1. ## Triangle Problem!

ABC right triangle
AC=6

We must find: AB

2. ## Re: Triangle Problem!

label intersection of BC and circle E connect DE and AE. See the solution?

3. ## Re: Triangle Problem!

please explain i dont know what you mean

4. ## Re: Triangle Problem!

Draw a line between A and the point where the circle crosses the line BC. What do you know about right angled triangles in circles?

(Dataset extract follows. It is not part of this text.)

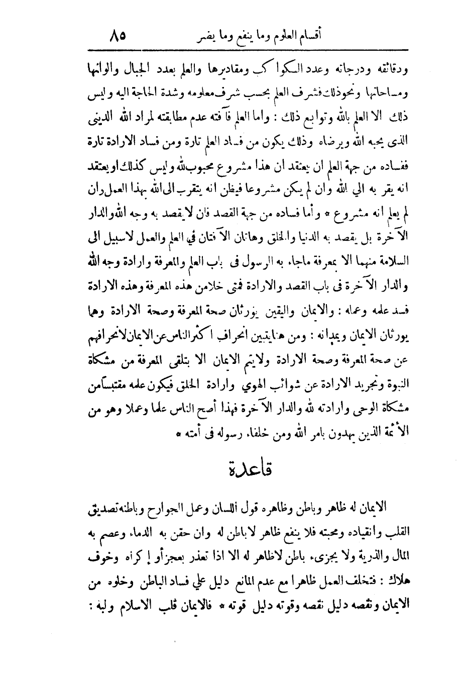 ودقائقه ودرجاته وَعدد الْكَوَاكِب ومقاديرها وَالْعلم بِعَدَد الْجبَال وألوانها ومساحتها وَنَحْو ذَلِك فشرف الْعلم بِحَسب شرف معلومه وَشدَّة الْحَاجة إِلَيْهِ وَلَيْسَ ذَلِك إِلَّا الْعلم بِاللَّه وتوابع ذَلِك وَأما الْعلم فآفته عدم مطابقته لمراد الله الديني الَّذِي يُحِبهُ الله ويرضاه وَذَلِكَ يكون من فَسَاد الْعلم تَارَة وَمن فَسَاد الْإِرَادَة تَارَة ففساد من جِهَة الْعلم أَن يعْتَقد أَن هَذَا مَشْرُوع مَحْبُوب لله وَلَيْسَ كَذَلِك أَو يعْتَقد أَنه يقر بِهِ إِلَى الله وَإِن لم يكن مَشْرُوعا فيظن أَنه يتَقرَّب إِلَى الله بِهَذَا الْعَمَل وَإِن لم يعلم أَنه مَشْرُوع وَأما فَسَاده من جِهَة الْقَصْد فان لَا يقْصد بِهِ وَجه الله وَالدَّار الْآخِرَة بل يقْصد بِهِ الدُّنْيَا والخلق وَهَاتَانِ الآفتان فِي الْعلم وَالْعَمَل لَا سَبِيل إِلَى السَّلامَة مِنْهُمَا إِلَّا بِمَعْرِِفَة مَا جَاءَ بِهِ الرَّسُول فِي بَاب الْعلم والمعرفة وَإِرَادَة وَجه الله وَالدَّار الْآخِرَة فِي بَاب الْقَصْد والرادة فَمَتَى خلا من هَذِه الْمُعَرّف وَهَذِه الْإِرَادَة فسد علمه وَعَمله وَالْإِيمَان وَالْيَقِين يورثان صِحَة الْمعرفَة وَصِحَّة الْإِرَادَة يورثان الْإِيمَان ويمدانه وَمن هُنَا يتَبَيَّن انحراف أَكثر النَّاس عَن الْأَيْمَان ولانحرافهم عَن صِحَة الْمعرفَة وَصِحَّة الْإِرَادَة وَلَا يتم الْإِيمَان إِلَّا بتلقي الْمعرفَة من مشكاة النُّبُوَّة وَتَجْرِيد الْإِرَادَة عَن شوائب الْهوى وَإِرَادَة الْخلق فَيكون علمه مقتبسا من مشكاة الْوَحْي وإرادته لله وَالدَّار الْآخِرَة فَهَذَا أصح النَّاس علما وَعَملا وَهُوَ من الْأَئِمَّة الَّذين يهْدُونَ بِأَمْر الله وَمن خلفاء رَسُوله فِي أمته

5. ## Re: Triangle Problem!

how much did you get AB?

6. ## Re: Triangle Problem!

Meanwhile AD=AC=6 (the base of right angled triangle in a circle is on the diameter, congruent triangles. draw that line and you'll see what I mean.)
so AB=2AC=2x6=12
I cannot be bothered to write a full proof right now as this question is quite simple.'

Oh! This is interesting, it's a 30 60 90 triangle. And the triangles inside the circle are also 30 60 90. Beautiful!

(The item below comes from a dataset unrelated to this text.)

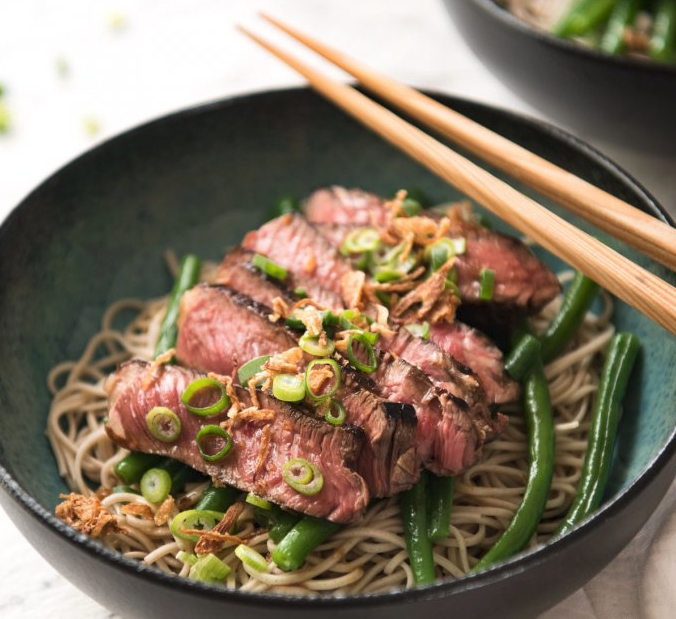 Гречневая лапша (соба) с говядиной и стручковой фасолью

7. ## Re: Triangle Problem!

thanks azzie but the answer says AB = 6*sqr(10)

8. ## Re: Triangle Problem!

Originally Posted by Azzie
Meanwhile AD=AC=6 (the base of right angled triangle in a circle is on the diameter, congruent triangles. draw that line and you'll see what I mean.)
The fact about the right angle and the diameter is correct (Thales' theorem), but it does not follow that triangles ADE and ACE are congruent and that AD = AC.

Instead, ED is both a median and an altitude in triangle ABE, so triangle ABE is...

9. ## Re: Triangle Problem!

thanks alot. i get the answer

10. ## Re: Triangle Problem!

Oops! What a foolish assumption I made, sorry about that! I obviously need to go to bed :P thanks emakarov!

11. ## Re: Triangle Problem!

BEC perpendicular to AC given AC is adiameter (subtends arc of 180
Triangle AEC 10^2 -6^2= EC^2 EC =8
ED is perpendicular bisector of AB (AD=DB given) and angle ADE =90 (subtends arc of dia)
AE=EB=10 BC = 18 18 ^2 +6^2 = AB^2 AB=18.97